Del Monte then argued, in vain, that plaintiffs lacked constitutional and statutory standing.  But like most plaintiffs, they’d figured out how to properly allege that they bought/paid a premium they wouldn’t have paid in the absence of false advertising.  Del Monte’s citations to cases where plaintiffs alleged that products were defective were inapposite.

Then Del Monte posited that plaintiffs didn’t plausibly plead reliance and deception, since no reasonable consumer would be deceived because reasonable consumers don’t know the details of what FDA regulations require in order to use certain terms.  But the court found it plausible that a reasonable consumer would rely on “front of the package” labeling claims like “fresh,” “all natural,” and “a natural source of antioxidants” when selecting food products. Also, a reasonable consumer, finding a plastic container of fruit in the refrigerated produce section labeled “Must Be Refrigerated,” and identifying no ingredients on the label as chemical preservatives could plausibly believe that the product is fresh cut fruit, and rely on that to buy it/pay a premium for it.

The Song-Beverly Consumer Warranty Act claim failed, though, because products intended for individual consumption are excluded from it.  And the Magnuson-Moss Warranty Act claim failed because claims about nutrient contents are typically product descriptions, not written warranties (promises of freedom from defect).

Plaintiffs’ claim for restitution based on unjust enrichment/quasi-contract also survived.  Del Monte argued that unjust enrichment wasn’t a cause of action, but a general principle synonymous with restitution.  But restitution was what plaintiffs sought, as disgorgement of a benefit unjustly conferred on Del Monte, so this claim was fine. The court thought that the alleged split on the existence of a “cause of action” for “unjust enrichment” under California law was “essentially founded on semantics, drawing a distinction—between unjust enrichment, restitution, and quasi-contract—without a difference. Regardless of whether the claim is labeled one for unjust enrichment, restitution, or some other equitable theory such as quasi-contract or constructive trust, the legal basis for relief is recognized in California law.”

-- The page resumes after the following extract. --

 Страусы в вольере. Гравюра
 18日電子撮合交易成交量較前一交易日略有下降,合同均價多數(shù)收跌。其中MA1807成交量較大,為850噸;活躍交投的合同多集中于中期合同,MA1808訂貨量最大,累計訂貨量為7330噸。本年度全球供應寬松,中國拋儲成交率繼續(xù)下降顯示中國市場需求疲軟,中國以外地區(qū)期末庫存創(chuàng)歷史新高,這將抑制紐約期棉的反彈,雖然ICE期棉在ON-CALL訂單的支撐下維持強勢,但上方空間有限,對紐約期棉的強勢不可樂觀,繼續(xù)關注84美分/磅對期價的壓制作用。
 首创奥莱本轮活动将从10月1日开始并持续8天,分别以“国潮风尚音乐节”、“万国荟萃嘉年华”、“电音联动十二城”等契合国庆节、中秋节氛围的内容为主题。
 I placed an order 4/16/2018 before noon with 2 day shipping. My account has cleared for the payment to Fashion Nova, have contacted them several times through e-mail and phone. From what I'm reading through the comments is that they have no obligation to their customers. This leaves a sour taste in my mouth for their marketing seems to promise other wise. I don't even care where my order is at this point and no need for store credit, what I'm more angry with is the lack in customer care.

The court also found that plaintiffs had pled fraud with sufficient particularity.   The who was Del Monte; the what was the specific allegedly deceptive claims on; the when was since 2008 and through the class period; and the where was the labels and website.  As for how the claims were deceptive, that was discussed above.

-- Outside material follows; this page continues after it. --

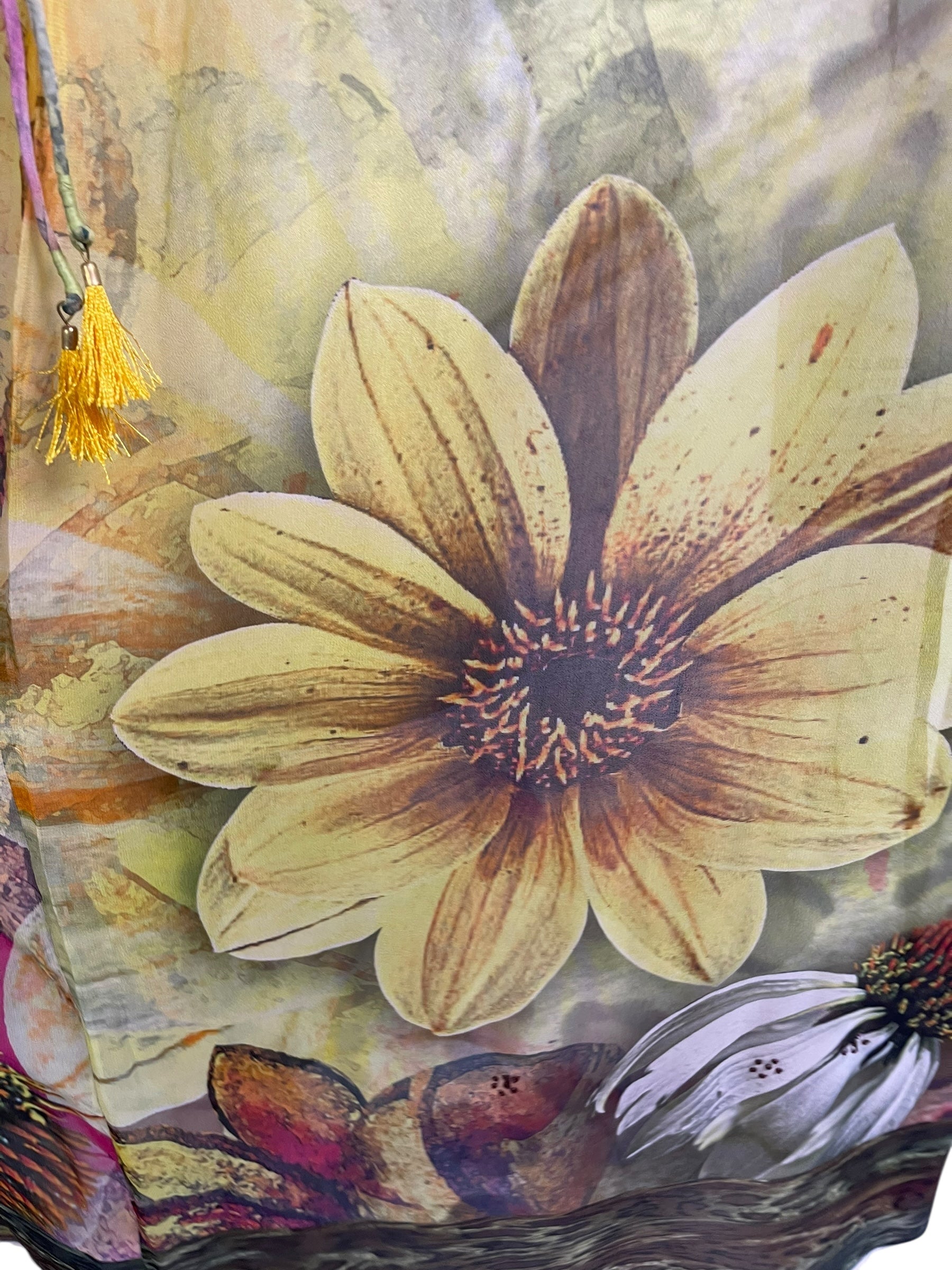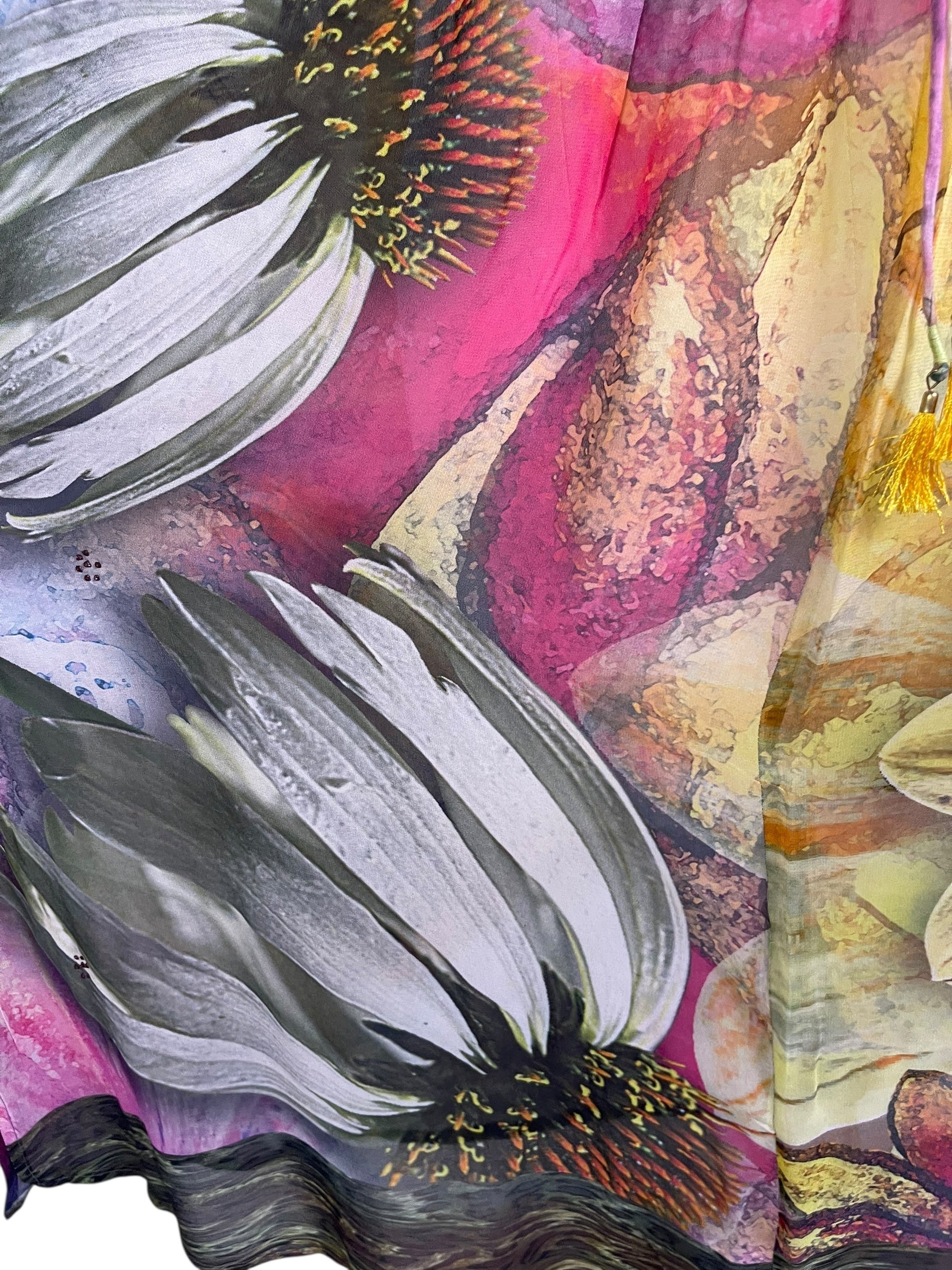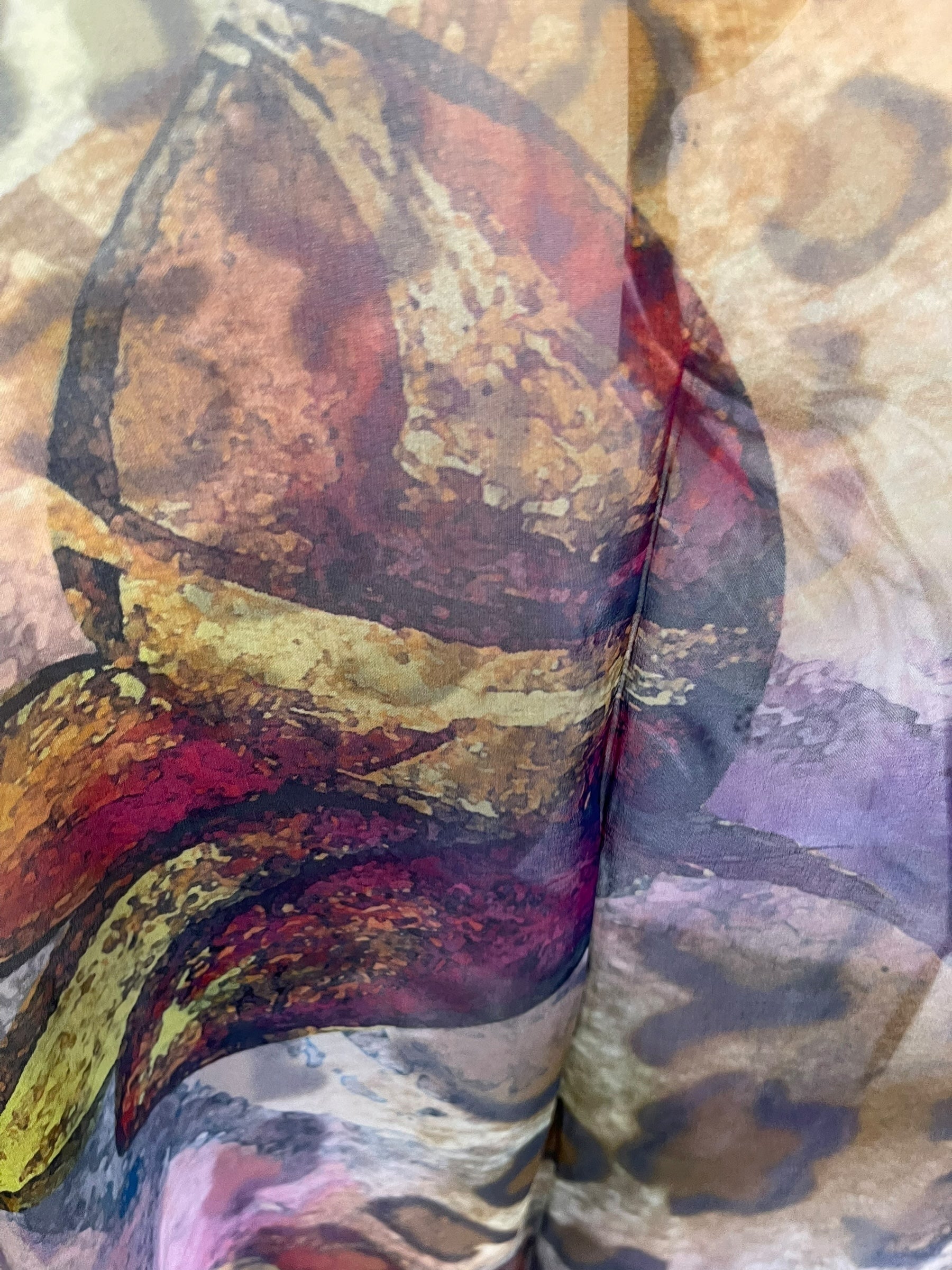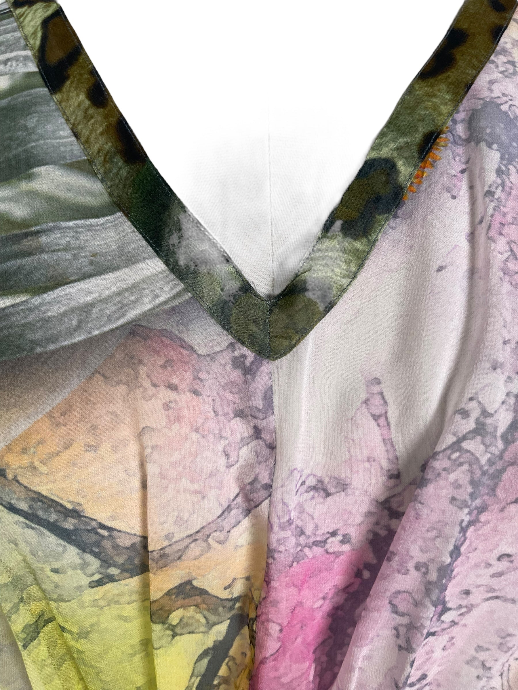 In Eastern philosophy, an Avatar is an incarnation that teaches how to evolve virtues of the past into the present. The Pure Upcycled Silk Avatar Collection is made from vintage pure silk saris, chosen and worn by women in the past to celebrate their lives.If you look very closely, you will see that the silks in this collection show some of the character of their previous incarnations through the appliqués that have been lovingly applied to bring new life to the fabric. This piece is a reminder that we are part of a collective journey to which we all add a little something.

Nor did the court grant Del Monte’s motion to strike all allegations about statements plaintiffs didn’t see and products they didn’t buy. Plaintiffs argued that they had standing to represent a class as long as the products class members bought were sufficiently similar to the ones they actually purchased.  They argued that Del Monte’s nutrient claims weren’t limited to the tomato products they bought but also included spinach/lutein claims.  The critical inquiry was whether there was sufficient similarity in the products (and the representations).  Thus, Del Monte’s objections to references to apparently unbought products and unseen ads (including statements from Del Monte’s annual SEC report, store ad banners, and website claims) weren’t well taken.  “[I]n the Court's view, these products and representations are sufficiently similar to those purchased and seen by Plaintiffs, and any concerns regarding the differences among products at issue are better resolved at the class certification stage.”  The allegations were not “redundant, immaterial, impertinent, or scandalous” within the meaning of Rule 12(f).